I think I may have the “push it over the edge” element for Armory that it was missing. And I think I have also been able to remove an element that worked but was, when isolated, rather unnecessary. Can’t wait to update the prototype and get it on the table to test! All I will say right now is: Mercenaries!

 — 12/21/2023 1:04 PM

Playtested Armory in person last night for the first time since PAXEast. The slight card balance changes worked and, when asked, the testers identified specifics where I knew something was not quite 100%. They all liked the game, but their game designer minds gave great insight into potential fixes or needs to push the game across the finish line.

 — 10/28/2023 6:54 PM

Ok.
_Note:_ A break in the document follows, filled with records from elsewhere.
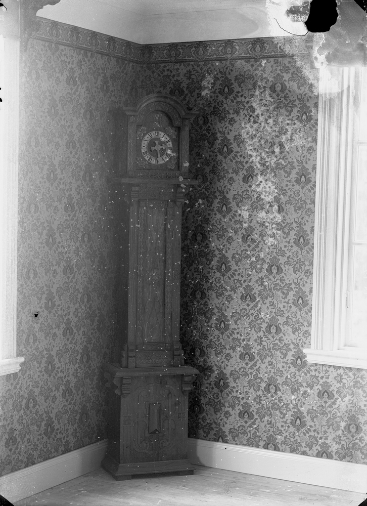 Rumsinteriör. Golvur förfärdigat av Gustaf Ferdinand Hallberg. Golvuret finns nu (2016) hos Anita och Sören Johansson vid Norra Hyddan i Svennevad.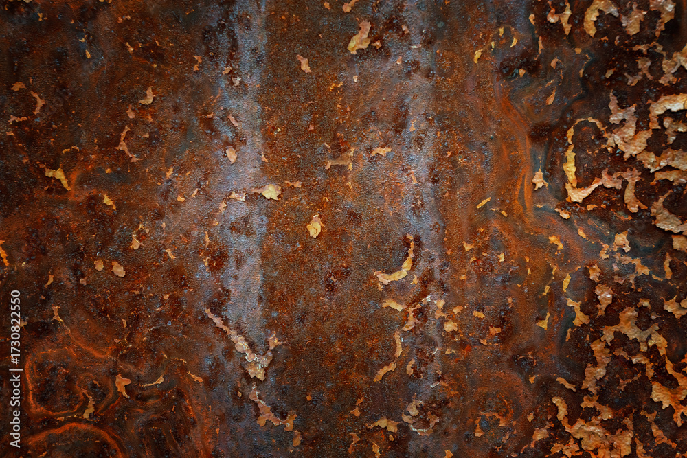 Detailed Abstract Background of an Old Corroded Metal Surface with Rich Brown and Orange Rust Texture. for Vintage, Industrial, or Grunge Design Projects and Backdrops.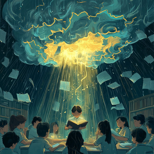 A classroom where most students are sitting under a dark, stormy sky, surrounded by swirling papers and rain. They look frustrated, hunched over their books, with expressions of stress and confusion. In contrast, one person is standing in a beam of sunlight, holding a glowing guide that creates a calm, clear sky around them. The glowing guide radiates warmth and clarity, while the others remain trapped in the storm of confusion, illustrating the contrast between struggle and effortless learning with a shortcut.

So, I had an idea for a card game the other day. Now, a few days later despite very limited time to do anything with it, I have a 52-card rondel-like drafting, set collection game where you choose from taking the card you placed your token by and discarding to a face down deck, or taking the top card from the discard deck. And most cards have choices between using abilities or saving for points. Plus there are end game bonuses for different sets.

 — 10/16/2023 1:37 PM

I spent about three weeks hot and heavy working on Cattycombs of Rhyorr in order to playtest it in person at ReUnity in Nashua, NH, in mid-September. The game was received far better than I anticipated. Other than a couple of minor tweaks to the rules (I wrote the rulebook during this time too), I now just need to really test the heck out of it to find any breaking points. Unfortunately, I have not even begun to develop a digital version of it yet. And I have done no other game design work for any game since then.